Activity:
The records below must be repeated exactly, but without their pictures.

#### Records for the task

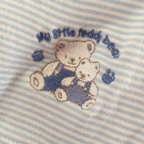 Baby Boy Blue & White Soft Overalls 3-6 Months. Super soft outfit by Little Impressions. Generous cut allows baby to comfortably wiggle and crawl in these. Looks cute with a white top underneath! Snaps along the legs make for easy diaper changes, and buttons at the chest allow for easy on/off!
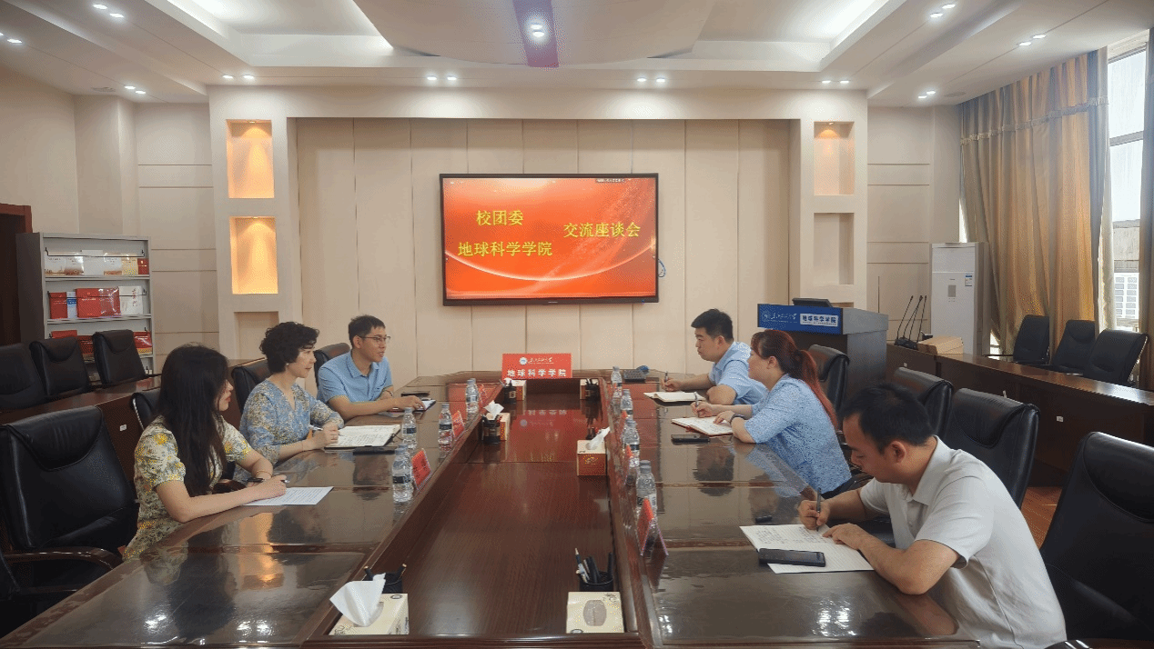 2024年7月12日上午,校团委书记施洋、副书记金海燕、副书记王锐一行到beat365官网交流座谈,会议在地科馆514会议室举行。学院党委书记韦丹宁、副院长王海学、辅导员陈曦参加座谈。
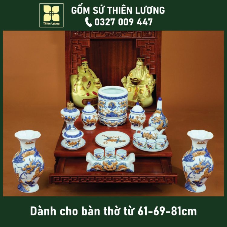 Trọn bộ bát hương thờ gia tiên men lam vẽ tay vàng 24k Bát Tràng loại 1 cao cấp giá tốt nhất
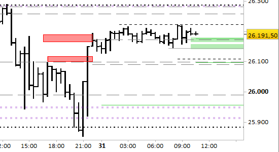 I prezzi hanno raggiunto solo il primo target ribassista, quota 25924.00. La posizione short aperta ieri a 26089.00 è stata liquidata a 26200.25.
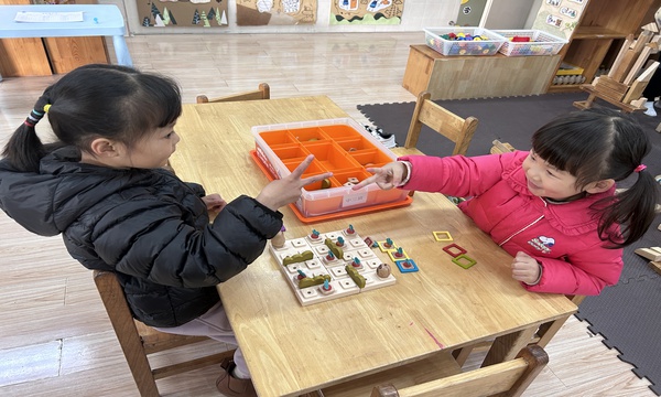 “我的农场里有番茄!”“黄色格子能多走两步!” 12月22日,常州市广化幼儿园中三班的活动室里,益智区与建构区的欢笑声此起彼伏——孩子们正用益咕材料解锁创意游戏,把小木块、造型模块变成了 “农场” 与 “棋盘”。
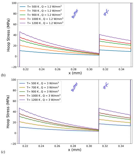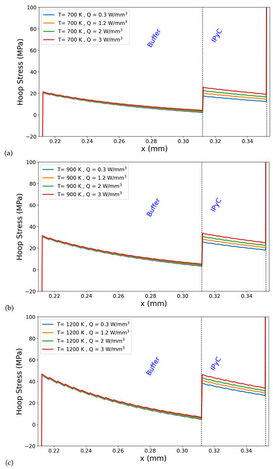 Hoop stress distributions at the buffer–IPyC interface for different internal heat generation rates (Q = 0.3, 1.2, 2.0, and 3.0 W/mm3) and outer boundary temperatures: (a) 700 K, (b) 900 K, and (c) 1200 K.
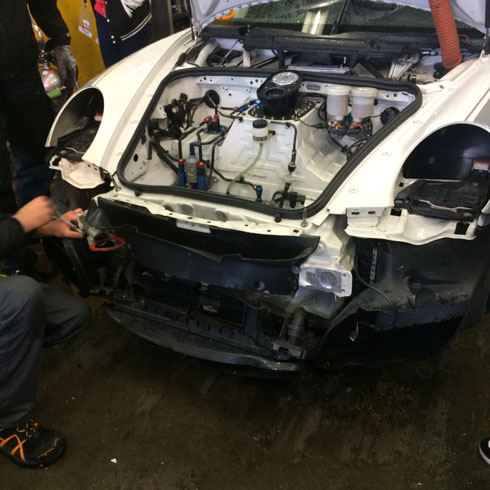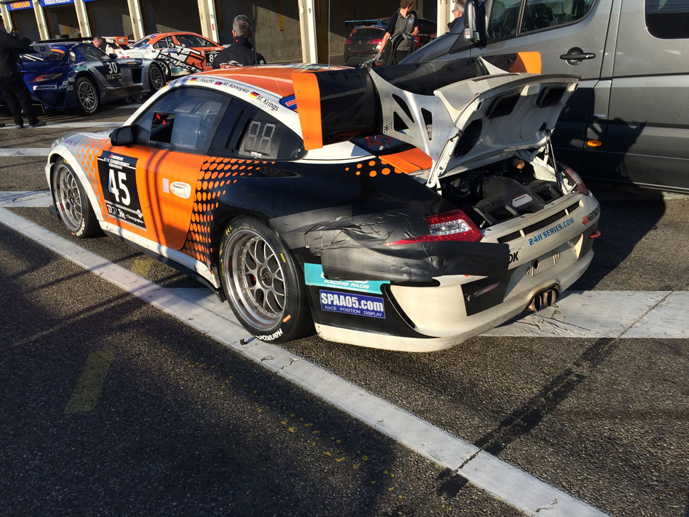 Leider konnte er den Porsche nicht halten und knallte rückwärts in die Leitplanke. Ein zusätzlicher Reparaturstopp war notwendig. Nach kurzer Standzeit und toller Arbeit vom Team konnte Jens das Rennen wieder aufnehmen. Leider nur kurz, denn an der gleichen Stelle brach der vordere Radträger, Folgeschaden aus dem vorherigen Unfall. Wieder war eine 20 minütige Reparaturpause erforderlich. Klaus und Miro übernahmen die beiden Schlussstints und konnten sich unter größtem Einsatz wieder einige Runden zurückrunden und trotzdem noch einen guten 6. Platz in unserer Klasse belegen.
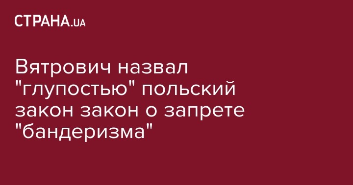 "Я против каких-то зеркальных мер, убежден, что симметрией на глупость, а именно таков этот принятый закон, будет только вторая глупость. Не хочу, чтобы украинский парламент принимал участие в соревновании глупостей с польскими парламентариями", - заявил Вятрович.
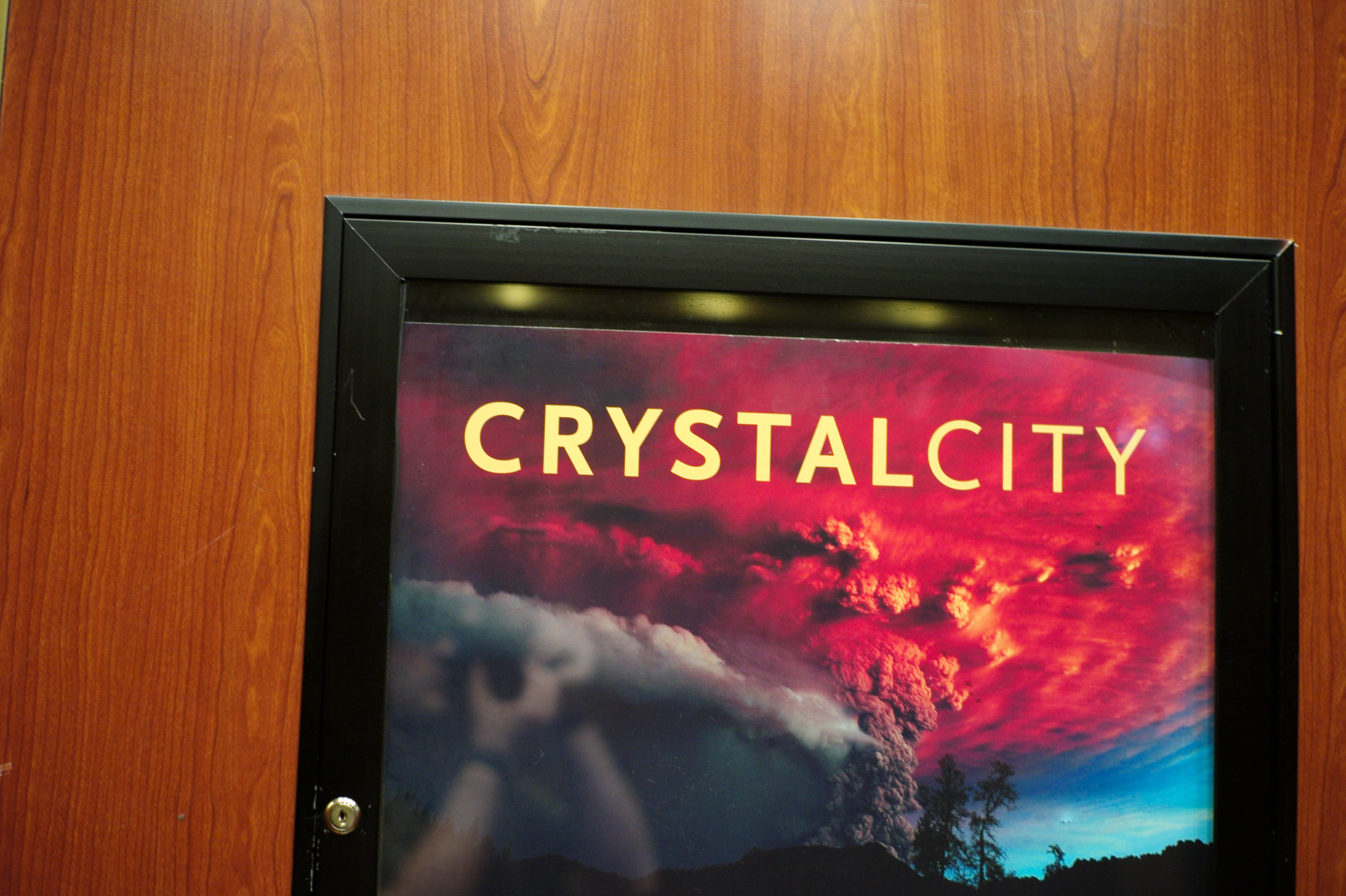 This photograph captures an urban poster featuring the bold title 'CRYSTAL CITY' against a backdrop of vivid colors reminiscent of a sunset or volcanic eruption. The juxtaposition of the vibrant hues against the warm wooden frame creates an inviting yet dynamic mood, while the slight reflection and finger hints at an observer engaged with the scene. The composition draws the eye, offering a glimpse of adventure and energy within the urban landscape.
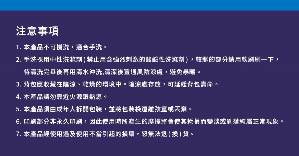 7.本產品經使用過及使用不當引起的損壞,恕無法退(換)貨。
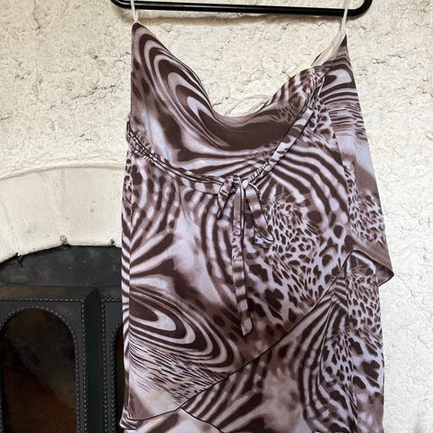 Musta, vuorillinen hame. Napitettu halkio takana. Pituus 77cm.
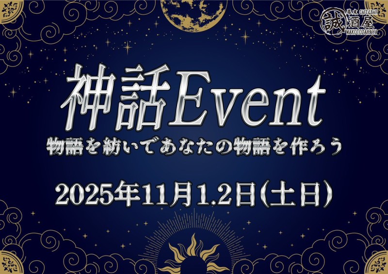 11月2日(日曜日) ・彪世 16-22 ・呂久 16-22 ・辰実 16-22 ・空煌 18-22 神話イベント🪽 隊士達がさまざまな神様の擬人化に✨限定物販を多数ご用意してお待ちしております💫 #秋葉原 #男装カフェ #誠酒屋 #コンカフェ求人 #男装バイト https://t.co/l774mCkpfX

########

Solution to the exercise:
 Baby Boy Blue & White Soft Overalls 3-6 Months. Super soft outfit by Little Impressions. Generous cut allows baby to comfortably wiggle and crawl in these. Looks cute with a white top underneath! Snaps along the legs make for easy diaper changes, and buttons at the chest allow for easy on/off!
 2024年7月12日上午,校团委书记施洋、副书记金海燕、副书记王锐一行到beat365官网交流座谈,会议在地科馆514会议室举行。学院党委书记韦丹宁、副院长王海学、辅导员陈曦参加座谈。
 Trọn bộ bát hương thờ gia tiên men lam vẽ tay vàng 24k Bát Tràng loại 1 cao cấp giá tốt nhất
 I prezzi hanno raggiunto solo il primo target ribassista, quota 25924.00. La posizione short aperta ieri a 26089.00 è stata liquidata a 26200.25.
 “我的农场里有番茄!”“黄色格子能多走两步!” 12月22日,常州市广化幼儿园中三班的活动室里,益智区与建构区的欢笑声此起彼伏——孩子们正用益咕材料解锁创意游戏,把小木块、造型模块变成了 “农场” 与 “棋盘”。
 Hoop stress distributions at the buffer–IPyC interface for different internal heat generation rates (Q = 0.3, 1.2, 2.0, and 3.0 W/mm3) and outer boundary temperatures: (a) 700 K, (b) 900 K, and (c) 1200 K.
 Leider konnte er den Porsche nicht halten und knallte rückwärts in die Leitplanke. Ein zusätzlicher Reparaturstopp war notwendig. Nach kurzer Standzeit und toller Arbeit vom Team konnte Jens das Rennen wieder aufnehmen. Leider nur kurz, denn an der gleichen Stelle brach der vordere Radträger, Folgeschaden aus dem vorherigen Unfall. Wieder war eine 20 minütige Reparaturpause erforderlich. Klaus und Miro übernahmen die beiden Schlussstints und konnten sich unter größtem Einsatz wieder einige Runden zurückrunden und trotzdem noch einen guten 6. Platz in unserer Klasse belegen.
 "Я против каких-то зеркальных мер, убежден, что симметрией на глупость, а именно таков этот принятый закон, будет только вторая глупость. Не хочу, чтобы украинский парламент принимал участие в соревновании глупостей с польскими парламентариями", - заявил Вятрович.
 This photograph captures an urban poster featuring the bold title 'CRYSTAL CITY' against a backdrop of vivid colors reminiscent of a sunset or volcanic eruption. The juxtaposition of the vibrant hues against the warm wooden frame creates an inviting yet dynamic mood, while the slight reflection and finger hints at an observer engaged with the scene. The composition draws the eye, offering a glimpse of adventure and energy within the urban landscape.
 7.本產品經使用過及使用不當引起的損壞,恕無法退(換)貨。
 Musta, vuorillinen hame. Napitettu halkio takana. Pituus 77cm.
 11月2日(日曜日) ・彪世 16-22 ・呂久 16-22 ・辰実 16-22 ・空煌 18-22 神話イベント🪽 隊士達がさまざまな神様の擬人化に✨限定物販を多数ご用意してお待ちしております💫 #秋葉原 #男装カフェ #誠酒屋 #コンカフェ求人 #男装バイト https://t.co/l774mCkpfX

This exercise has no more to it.